Jene Energie-Informations-Komponenten der Strahlung, die bereits umgewandelt und für den Organismus nicht mehr schädlich sind, geraten in den Organismus des Menschen durch das Gerät ATOX hindurch, das sich seinerseits am 4. energetischen Mittelpunkt (Herzchakra) befindet. Warum auf dem 4. Chakra? Nur das 4. Chakra weist das Null-Energie-Informations-Potenzial auf, verglichen mit den anderen Chakras.
Während der Zirkulation trägt der Äther jene schädlichen "Ablagerungen" aus dem Organismus hinaus, die sich im Organismus in Form von Belastungen als Resultat unterschiedlicher Einwirkungen angesammelt haben und bringt sie zum Eingang von ATOX. Die sich vor dem Eingang von ATOX befindenden transformierenden Trichter wandeln diese Belastungen in für den Organismus ungefährliche um, und zwar den auf ATOX initialisierten Programmen entsprechend. Dies geschieht so schnell, dass praktisch sofort nach dem Tragen von ATOX im Organismus keine Belastungen mehr registriert werden.
In den letzten Jahren wurden reiche praktische Erfahrungen über die Wirkung von ATOX gesammelt. Davon sprechen auch zahlreiche experimentelle Untersuchungen sowie die Rückmeldungen der Nutzer.
Wir haben auch interessante persönliche Erfahrungen gesammelt. Hier ist nur eine davon.
2004 wurde ein neues Model von ATOX entwickelt. Auf dieses neue Model von ATOX wurden Programme zur Prophylaxe von Infektionen initialisiert: http://www.tavinfo.org/Documents/Technologie/Modelle/2005_Modell_M2-Infekt_de.html
Damals begannen wir, diese Geräte ständig zu tragen. Heute können wir bestätigen, dass wir seit 2004 nicht mehr an akuten Infektionen erkrankt sind. Sogar wenn wir uns unter Menschen befanden, die gerade an einem akuten grippalen Infekt (Grippe-Epidemie) erkrankt waren, registrierten wir bei uns nur jene leichten Symptome der Krankheit, die eine kurze Zeit andauerten und ohne medikamentöse Behandlung verschwanden.

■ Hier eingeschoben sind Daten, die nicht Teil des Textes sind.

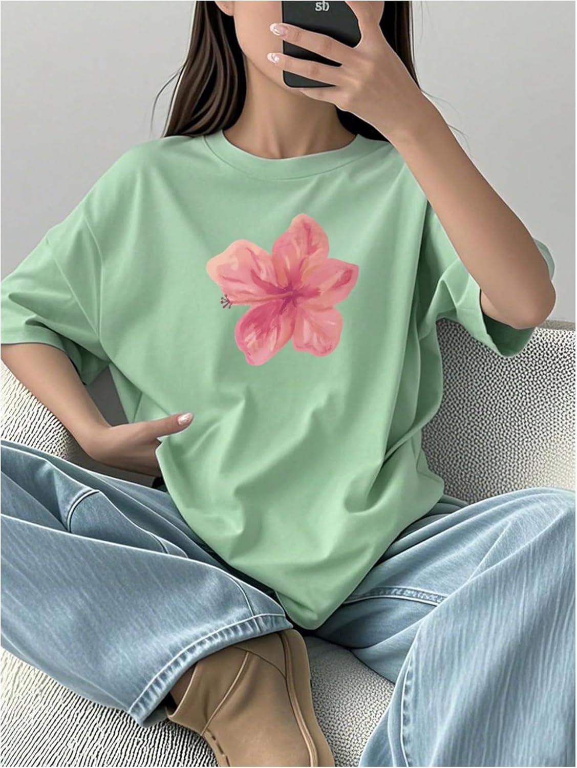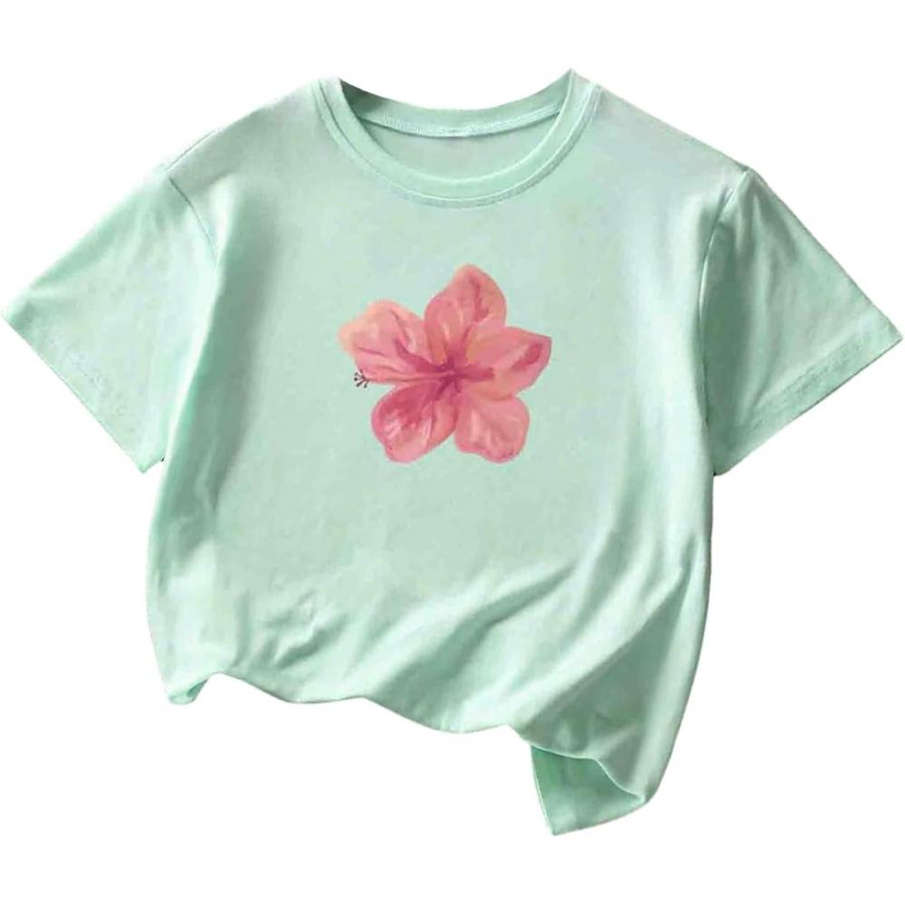 Girl’s Cherry Leopard Shirt Short Sleeve Loose Cute Summer T Shirt Trendy Aesthetic Baggy Tops(Floral Pink)
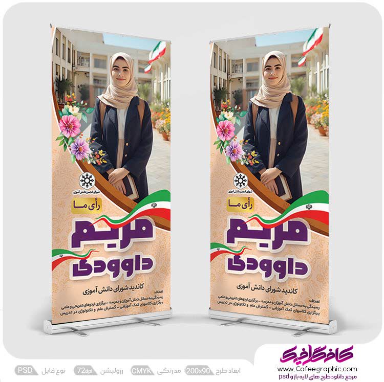 طراحی این پوستر ایستاده انتخابات شورای دانش آموزی توسط تیم کافه گرافیک بصورت اختصاصی انجام شده و در هیچ وب سایت دیگری نمونه مشابه ندارد.
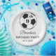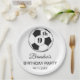 9th Birthday party for a soccer fan, sports, kids, boys, for him. White, modern, elegant Birthday party paper plates. Please personalize it with your details.
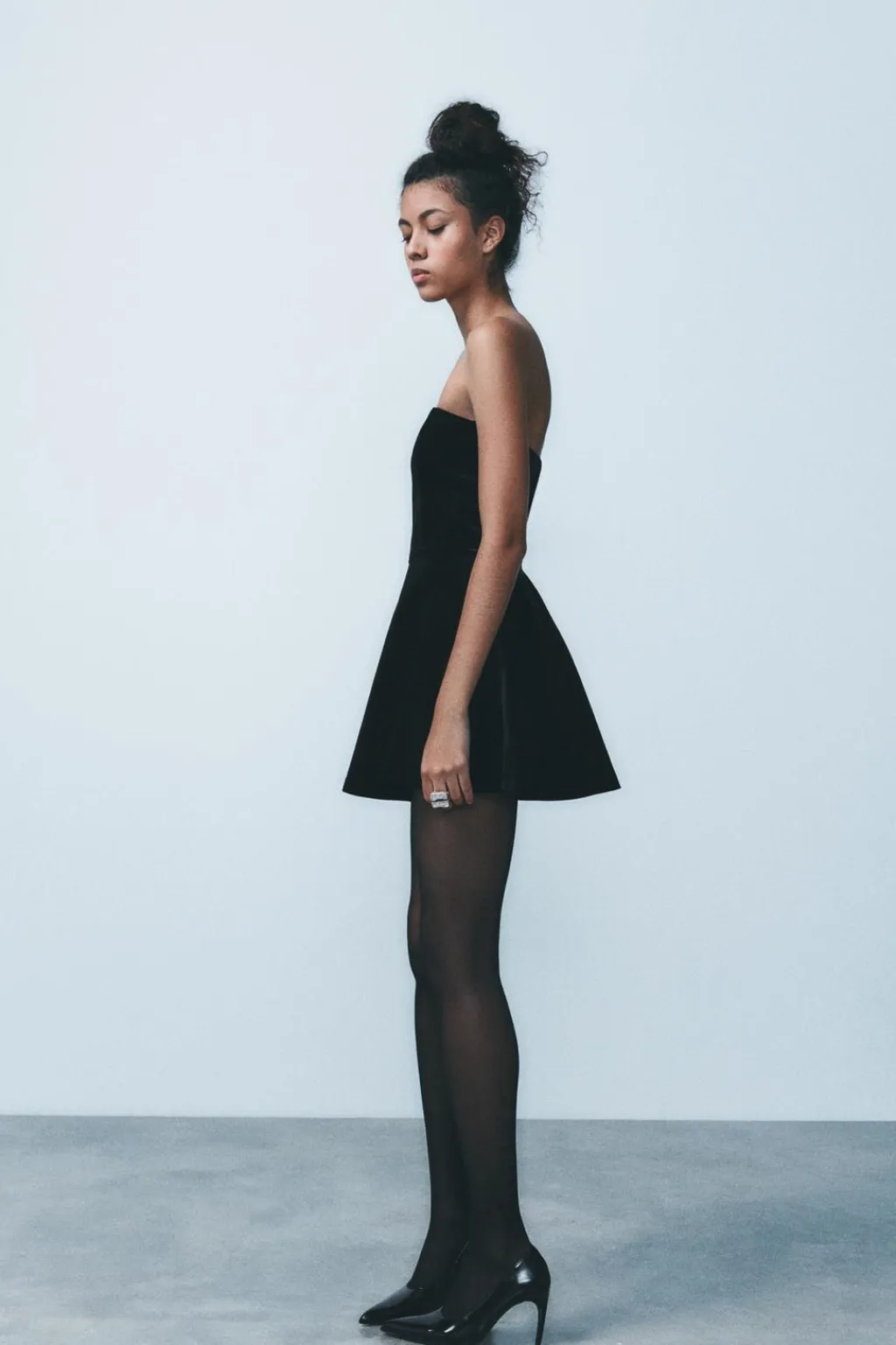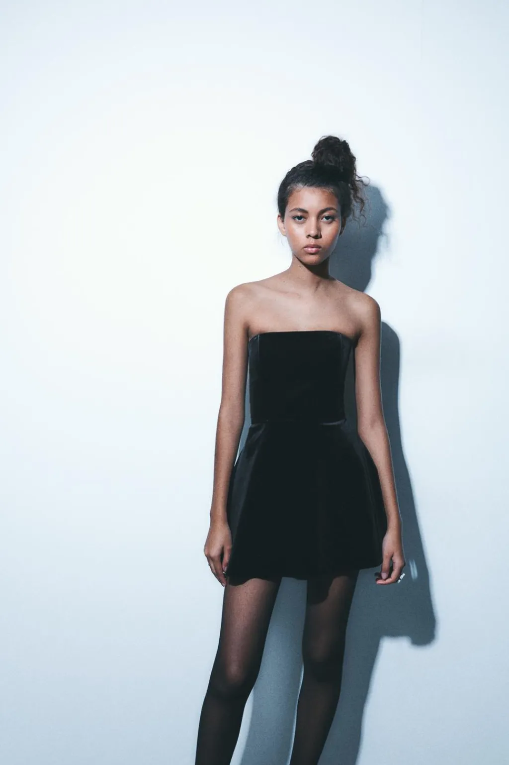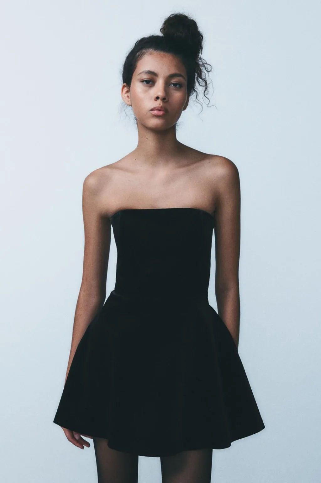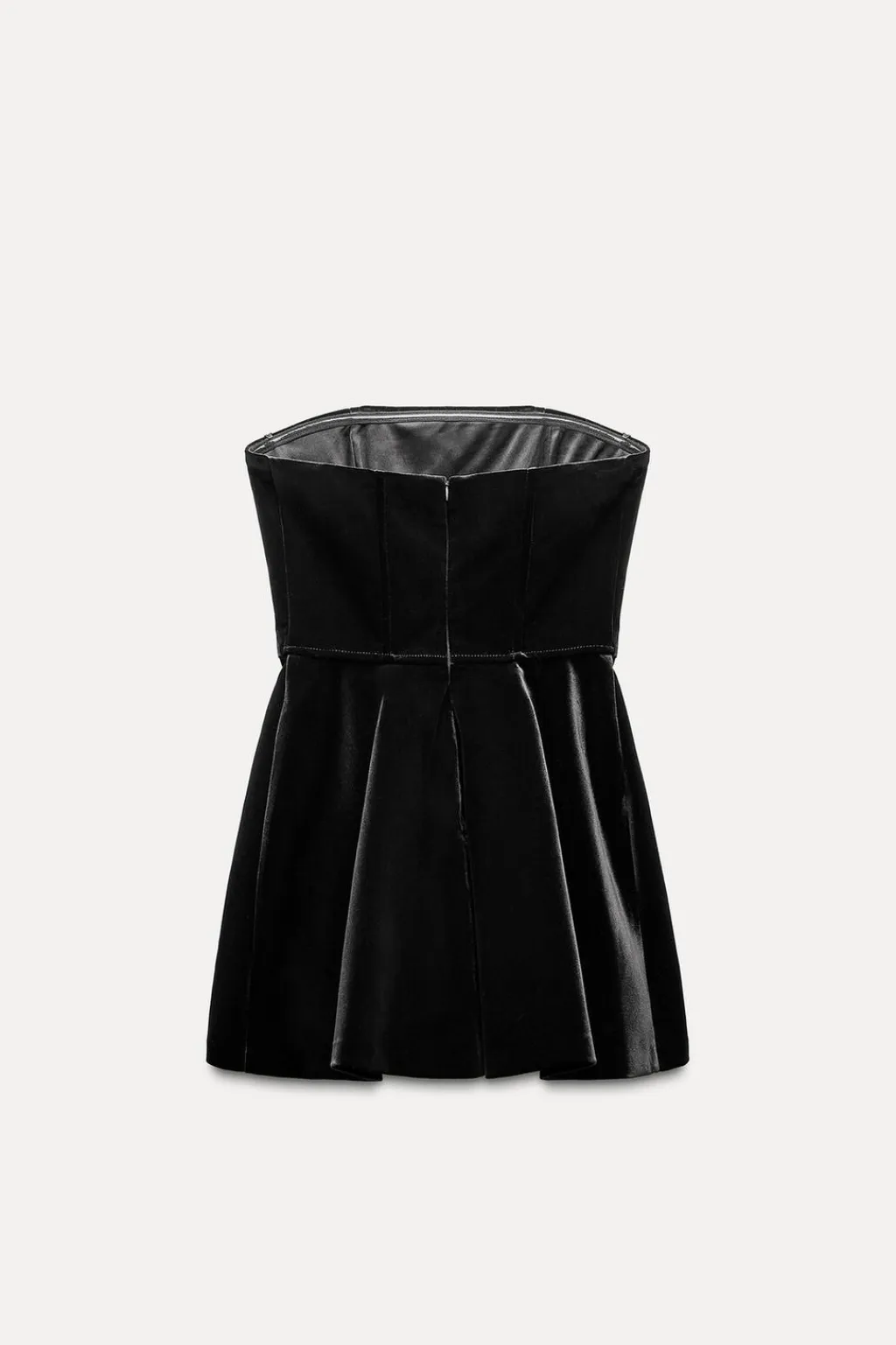 Vestido mono de escote recto y hombros descubiertos. Forro interior tipo shorts. Cierre en espalda con cremallera oculta en costura.
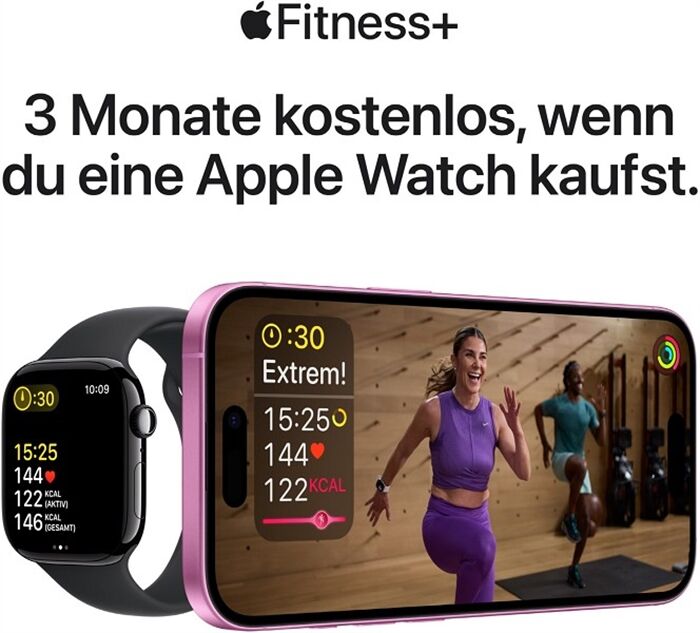 • STARK FÜR DEINE FITNESS – Die Trainingsapp bringt dir verschiedene Trainings und fortschrittliche Messwerte für mehr Informationen über deine Leistung beim Workout. Und mit der Apple Watch bekommst du 3 Monate Apple Fitness+ kostenlos?
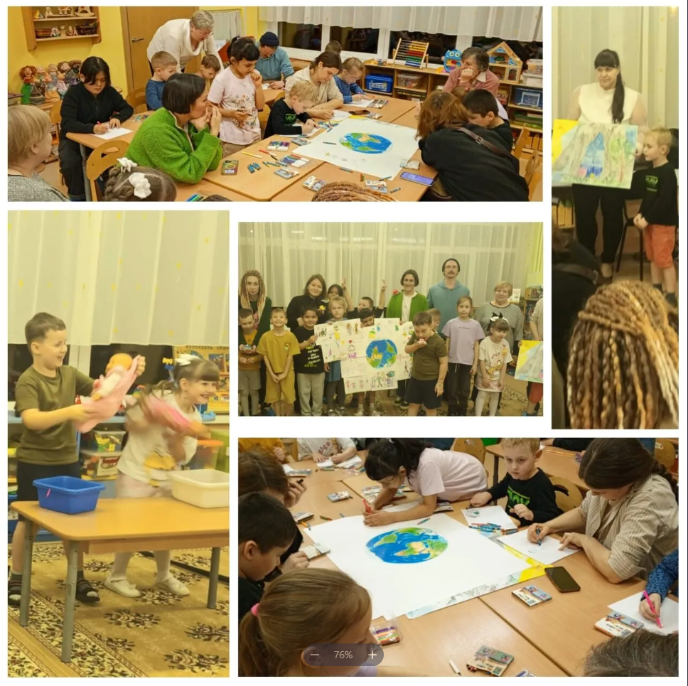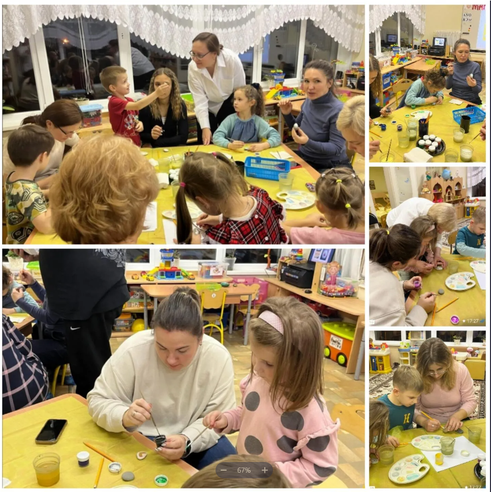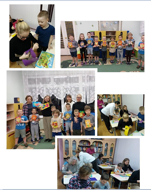 Педагоги вместе с детьми и родителями делали коллективную работу, поздравительную открытку и расписывали акриловыми красками цветы на гальке. Счастливые дети, творческие педагоги и заботливые родители.
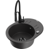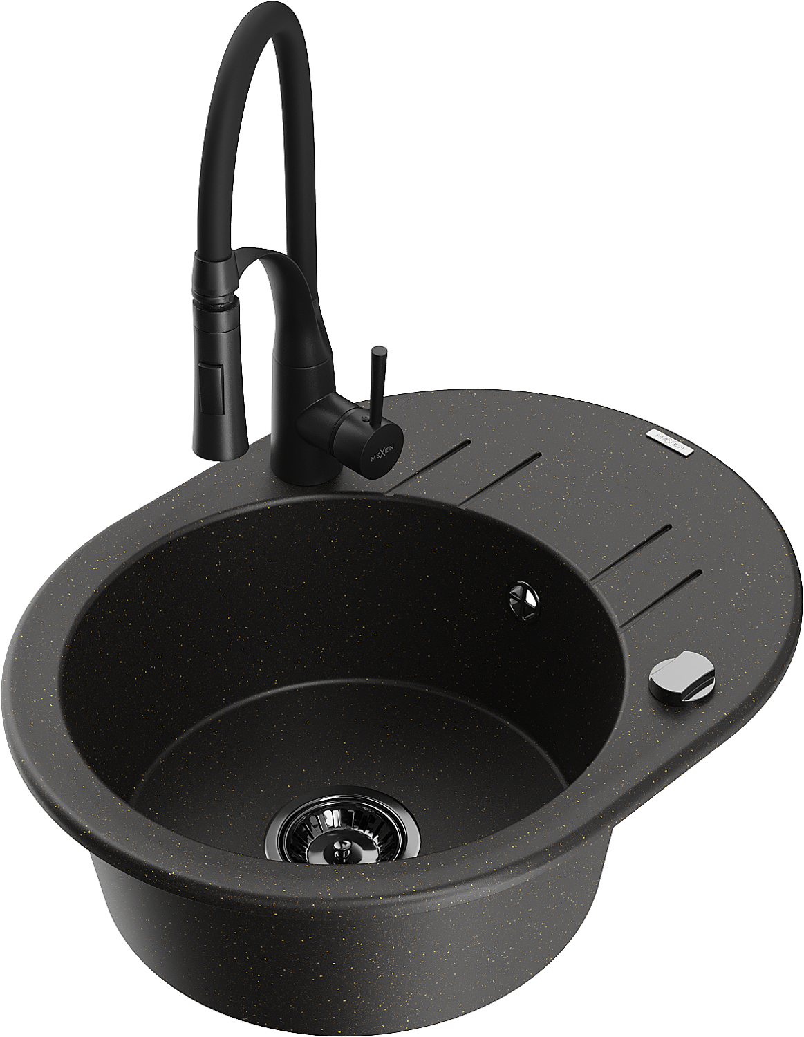 Mexen Kevin granitový drez s 1 komorou s odkvapkávačom a kuchynskou batériou Aster, čierny/zlatý metalický
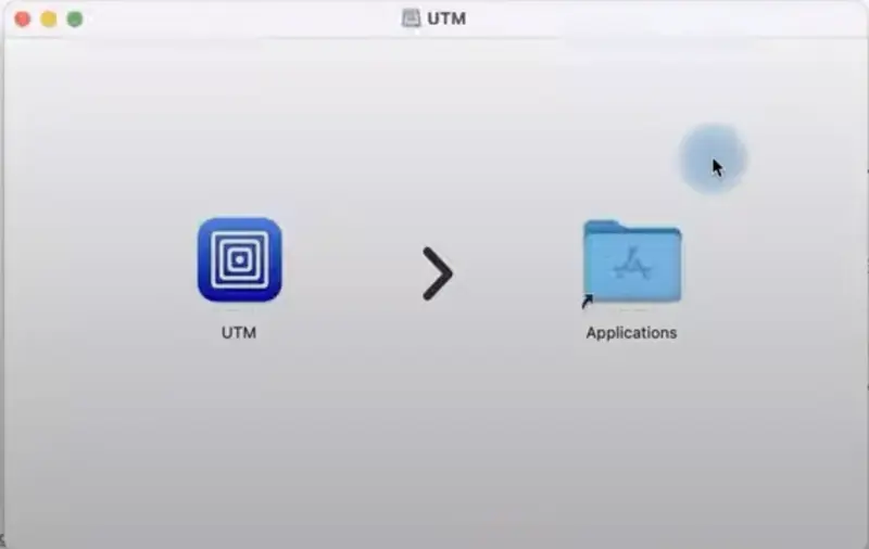 打开下载的 UTM .dmg 文件并将 UTM 拖到您的应用程序文件夹中。
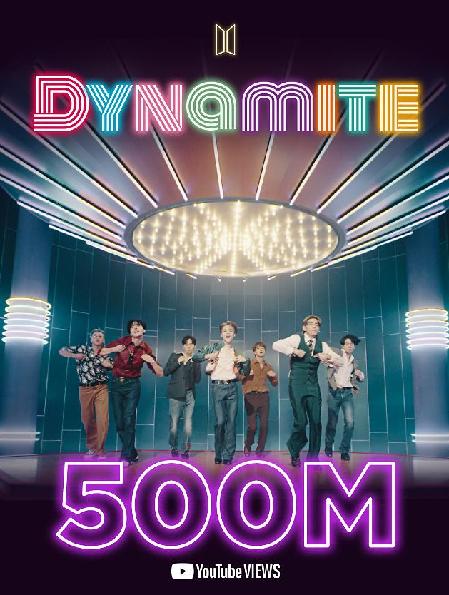 다이너마이트(Dynamite) 뮤직비디오의 경우 올 해 8월 21일 공개된 디지털 싱글로 5억뷰를 돌파한 상황입니다.
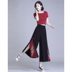 パンツ 龍刺繍 ドラゴン刺繍 ワイドパンツ 袴パンツ 龍 竜 ドラゴン 韓国ファッション 和柄 和装 和服 ガウチョ 竜刺繍 雅 大和撫子 着物 昭和レトロ 花魁
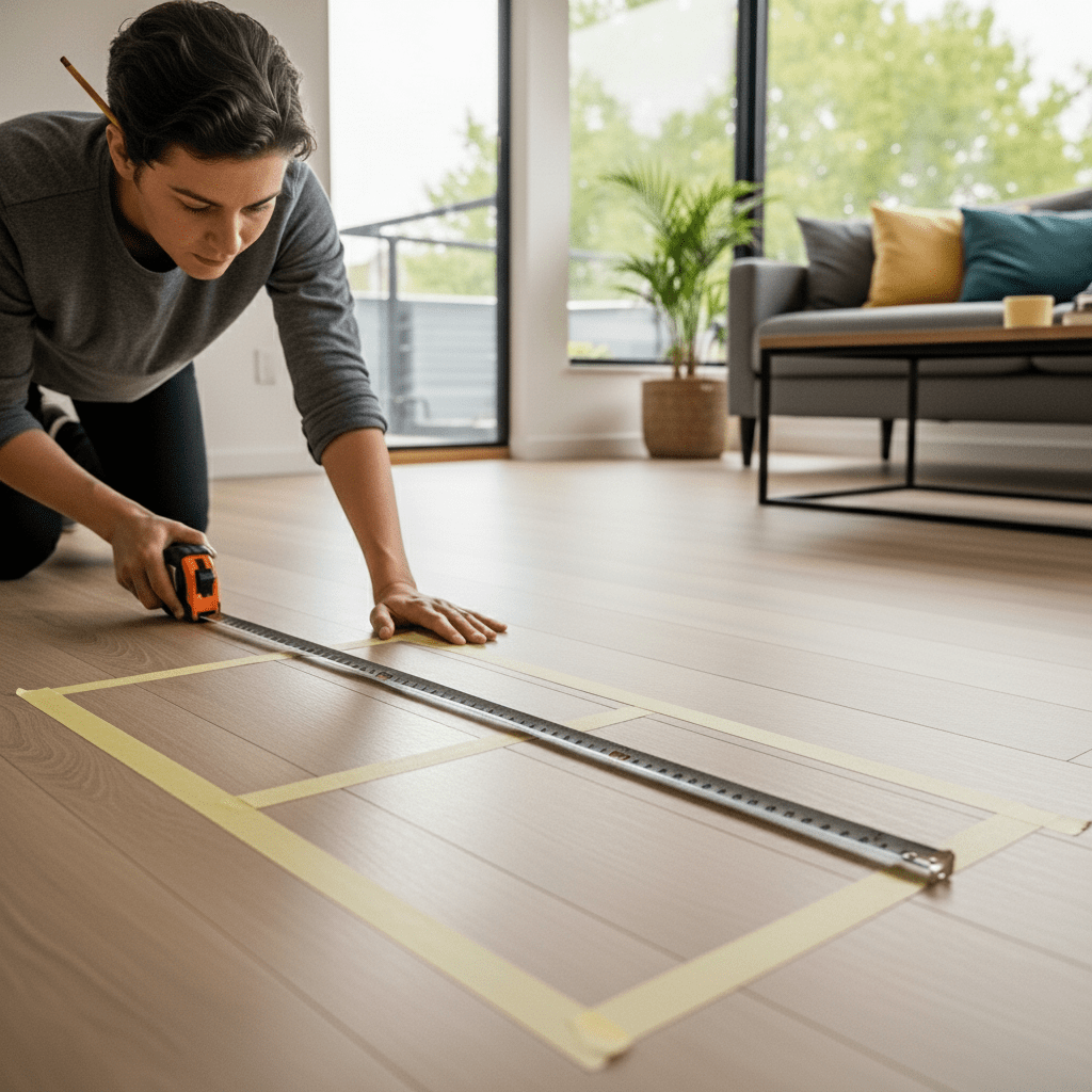 Grab your measuring tape before shopping. Measure your living room’s length and width, then subtract about 12–18 inches from each side.

Heute können wir Bilanz ziehen über unsere langjährige Arbeit sowie die Arbeit unserer Mitarbeiter und Gleichgesinnten.
Nur dank der gesammelten praktischen Erfahrungen und dem angeeigneten Wissen ist es uns gelungen, jene gesteuerten Energie-Informations-Prozesse zu gestalten, die unseren Technologien zugrunde liegen und die für die Entwicklung einzigartiger, effektiver Schutzgeräte die Voraussetzung waren.
Unsere Ausarbeitungen, Energie-Informations-Technologien, elektronische und Laser-Initialisierung enthalten sehr viel Know-how. Es ist nicht möglich, es zu plagiieren bzw. zu fälschen.